In crescita Fornitura di Energia Elettrica, Gas e Vapore, Fornitura di Acqua e Attività di Gestione rifiuti, Attività dei Servizi di Alloggio e Ristorazione, le Attività Immobiliari, le Attività Professionali, Scientifiche e Tecniche, il Noleggio, Agenzie di Viaggio e Servizi alle Imprese. Stabili il Commercio e la Sanità e Assistenza Sociale.

 

Un anno a due velocità: nel primo semestre crescita, seppur a ritmi lenti; poi rallentamento, con frenata nell’ultimo trimestre. E’ questo l’andamento che emerge dalla Rilevazione 2011 di Movimprese, l'analisi statistica trimestrale della nati-mortalità delle imprese condotta da InfoCamere, per conto dell'Unioncamere, sugli archivi di tutte le Camere di Commercio italiane. In Provincia di Perugia al 31 dicembre del 2011 risultano registrate alla Camera di Commercio 74.160 imprese, 134 in più rispetto al 2010, con una variazione positiva di appena lo 0,2%.
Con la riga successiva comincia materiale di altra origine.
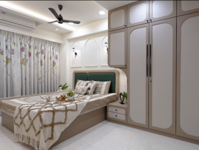 मास्टर बेडरूममध्ये भिंती आणि फर्निचरसाठी लाकडी व फिकट तपकिरी रंगांचा वापर केला आहे, ज्यामुळे रूम शांत आणि सुंदर दिसते.
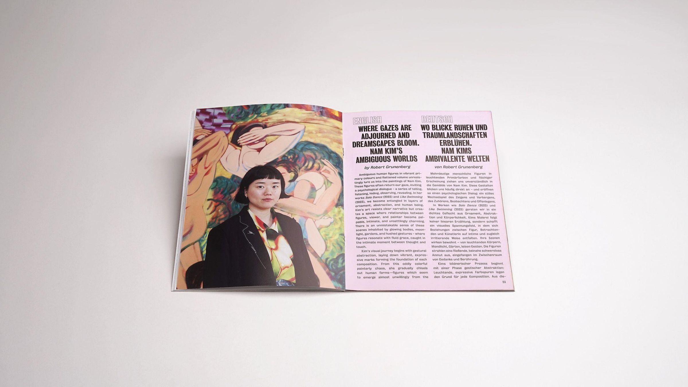 The large-format paintings of Nam Kim (born 1991 in the US, lives in Vienna) are inhabited by chunky androgynous, naked figures, which gently blend with the vegetation, light and shadows, or ornaments around them. "The figures resonate with fluid grace, caught in the intimate moment between thought and touch." (R. Grunenberg) Here, the human body is equal to its natural environs and not separate. Kim begins her paintings with zones of gestural abstraction, from which the characters grow like plants into her compositions. Kim grew up in Korea and her painting practice combines elements of Asian traditions (in art and theater) with Western art history and virtuality. This book presents her works of the last three years and includes an insightful essay by Robert Grunenberg.
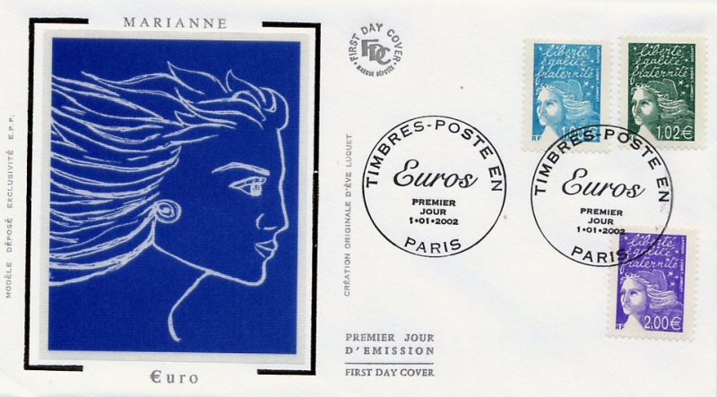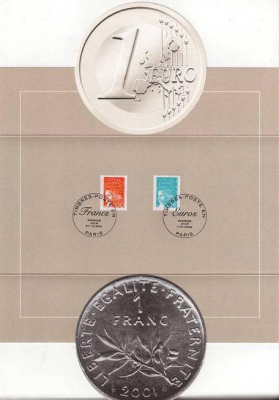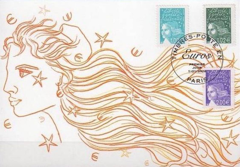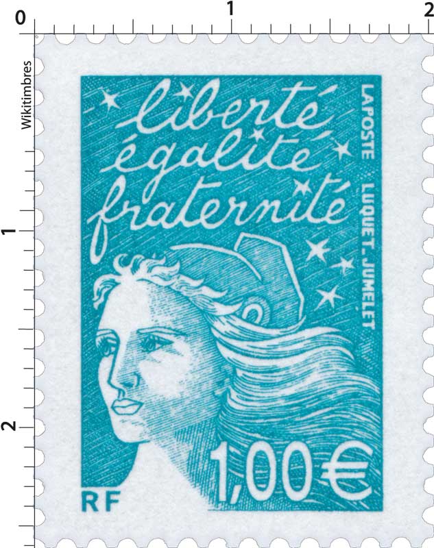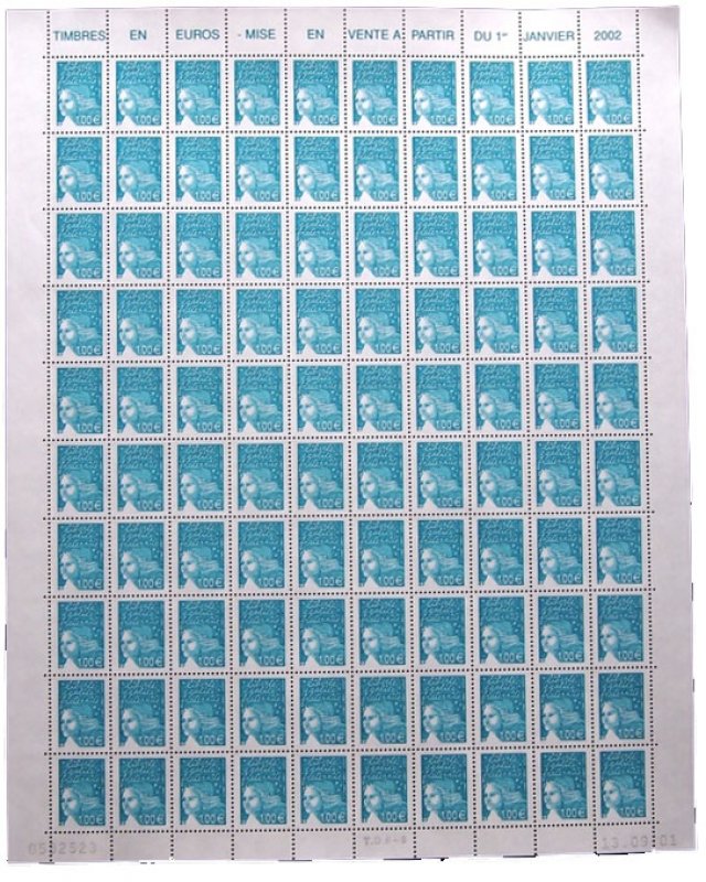 | Commentaire | Les timbres imprimés en 2001, l’ont été en feuilles monobloc de 100 (impression TD6), c'est-à-dire sans pont, séparant la feuille en deux blocs de 50TP (impression RGR), portent dans la marge supérieure la mention : « Timbres en euros mise en vente à partir du 1er janvier2002 ». Le timbre se collectionne soit en haut de feuille complète, soit en séparé avec bord de feuille attenant. Description synthétique du visuel du timbre : En janvier 2002, 15 nouvelles Marianne du 14 juillet seront émises en simple affichage euro. Le TVP, sans affichage de la valeur, est émis plus tôt (août 2001). La nouvelle série émise correspond aux : 8 pièces en euro : 0,01 € - 0,02 € - 0,05 € - 0,10 € - 0,20 € - 0,50 € - 1,00 € - 2,00 € 1er, 2e et 3e échelon de poids de la lettre zone 1, service prioritaire : TVP / 0,69 € (= 4,50 F) / 1,02 € (= 6,70 F) 1er, 2e et 3e échelon de poids de la lettre zone 1, service écopli : 0,41 € (= 2,70 F) / 0,53 € (= 3,50 F) / 0,64 € (= 4,20 F) 1er échelon de la zone 2 et 4, service prioritaire : 0,58 € (= 3,80 F) / 0,67 € (= 4,40 F). Existe avec bandes phosphorescentes à cheval. Existe avec bandes phosphorescentes brisées aux cases 99 et 100. |

Giorgio Mencaroni Presidente della Camera di Commercio di Perugia: ”Una crescita così modesta, non autorizza a prevedere una fase di nuovo sviluppo. Al contrario, l’osservazione congiunturale ci dice che nel secondo semestre del 2011 la dinamica demografica delle imprese ha subito un forte rallentamento, con una frenata negli ultimi tre mesi dell’anno in cui le iscrizioni di nuove imprese sono scese di 198 unità”. Ma il dato più preoccupante è quello delle Cessazioni, spiega il presidente Mencaroni. “Nel 2011 in provincia hanno chiuso 4188 imprese, l’11,9% in più del 2010, il peggiore risultato da sei anni a questa parte”.


La rilevazione 2011 di Movimprese conferma tuttavia che la provincia di Perugia conserva un alta propensione alla imprenditorialità.


“La crisi morde, siamo nuovamente in recessione – dice Giorgio Mencaroni – ma da noi, resta forte la volontà di intraprendere e anche nel 2011 sono nate più aziende (4298) di quante non ne siano cessate (4188), con un saldo positivo di 110 unità. Non è un dato da sottovalutare, visto che, nonostante tutto, in un anno in provincia di Perugia sono nate quasi 12 imprese al giorno”.
Le nuove iscrizioni del 2011 sono caratterizzate da flessioni che interessano le imprese di tutte le forme giuridiche: - 7,9% le Società di Capitali, - 4,8% le Società di Persone, - 2,8% le Società Individuali. In crescita soltanto tanto le Altre Forme societarie, ma il loro peso sul totale è estremamente limitato.


Pesante l’andamento delle Cessazioni cresciute nel totale dell’11,9% sul 2010. 4188 le imprese cessate nel 2011: + 29,8% le cessazioni di Società di Capitali, + 26,6% quelle di Società di Persone e + 3,9% per le Società Individuali.


A livello settoriali si registrano variazioni negative per i settori Istruzione (-3,1%), Estrazione dei Minerali e Cave (-4,8%), Attività Finanziarie e Assicurative (-2,1%), Agricoltura (-2%), Trasporti e Magazzinaggio (- 1,4%), Costruzioni (- 1%).


In forte crescita Fornitura di Energia Elettrica, Gas e Vapore (+ 91,5%) e Fornitura di Acqua e Attività di Gestione rifiuti (+12,2%). Salgono anche le Attività dei Servizi di Alloggio e Ristorazione (+2,5%), le Attività Immobiliari (+ 4,2%), le Attività Professionali, Scientifiche e Tecniche (+ 3,8%), il Noleggio, Agenzie di Viaggio e Servizi alle Imprese (+ 3,5%). Stabili il Commercio Dettaglio e Ingrosso (+ 0,9%) e la Sanità e Assistenza Sociale ( - ).